- Born: June 27, 1871 Montclair, New Jersey, US
- Died: January 20, 1959 (aged 87) New York City, US
- Occupation: Doctor
- Known for: Work on physical therapy and rehabilitation

= Stella Stevens Bradford =

American medical doctor (1871–1959)

Stella Stevens Bradford (June 27, 1871 – January 20, 1959) was an American medical doctor, known as a "pioneering leader" in the use of physical therapy for rehabilitation.

== Early life and education ==
Stella Stevens Bradford was born in Montclair, New Jersey, the eldest child of Amory Howe Bradford and Julia Stevens Bradford. Her father and her brother, Arthur Howe Bradford, were Congregational clergymen. Her aunt, Cornelia Foster Bradford, was a social worker and educator in New Jersey. Her nephew, also named Amory Howe Bradford, was vice president of The New York Times. The Bradfords were descended from William Bradford, governor of Plymouth Colony. Bradford earned a bachelor's degree at Smith College in 1893, where she was the first president of the Smith College Association of Christian Work. She further studies of sociology at New York University and German (with special permission) at the University of Göttingen, and earned her medical degree at Cornell University Medical College in 1902.

== Career ==
Bradford taught school before earning her medical degree. She opened a practice in her hometown in 1903. She served as a school medical inspector in Montclair and established a tuberculosis clinic at Gouverneur Hospital in New York City. From 1907 she was medical officer at the Ramapo Hills Sanitarium, and from 1910 medical superintendent of Adams Place, another sanitarium in New Jersey. She helped start the Montclair Public Health Nursing Service, and was medical director of the first fresh-air school in the city.
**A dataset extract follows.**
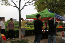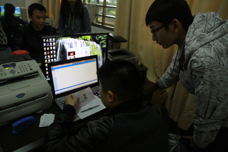 4月18日,工作人员调试报名系统、提前搭好专业咨询台

Bradford's work increasingly focused on physical therapy and rehabilitation for children and adults affected by tuberculosis, polio, rheumatic fever, and other diseases. She studied techniques at Boston City Hospital and in Denmark at the Niels Bukh school. "I am very enthusiastic over the results which Mr. Bukh accomplishes," she reported in 1929. "His method of teaching produces a wonderful improvement in the physical condition of the young people." From 1932 to 1936 she was director of physical therapy at Mountainside Hospital. From 1950 to 1953 she was acting director of the hospital's Physical Medicine and Rehabilitation Department.

Bradford was president of the Montclair Business and Professional Women's Club in 1937. In 1936, the club established a Stella Stevens Bradford Scholarship Fund, to encourage the educational aspirations of girls interested in medical careers. In 1950 the Women's Service Clubs of Essex County gave her the Outstanding Woman of Essex County Award. She retired in 1956. In 1957, the Medical Society of New Jersey marked her career achievements with a Golden Merit Award.

== Personal life ==
Bradford died in New York City in 1959, aged 87 years. "By her own nature she healed hearts and minds as well as bodies, inspired hope and gave strength and a new outlook, rebuilding a new world for those in despair," wrote the editors of The Montclair Times in tribute. Her medical bag was donated to the Montclair Historical Society.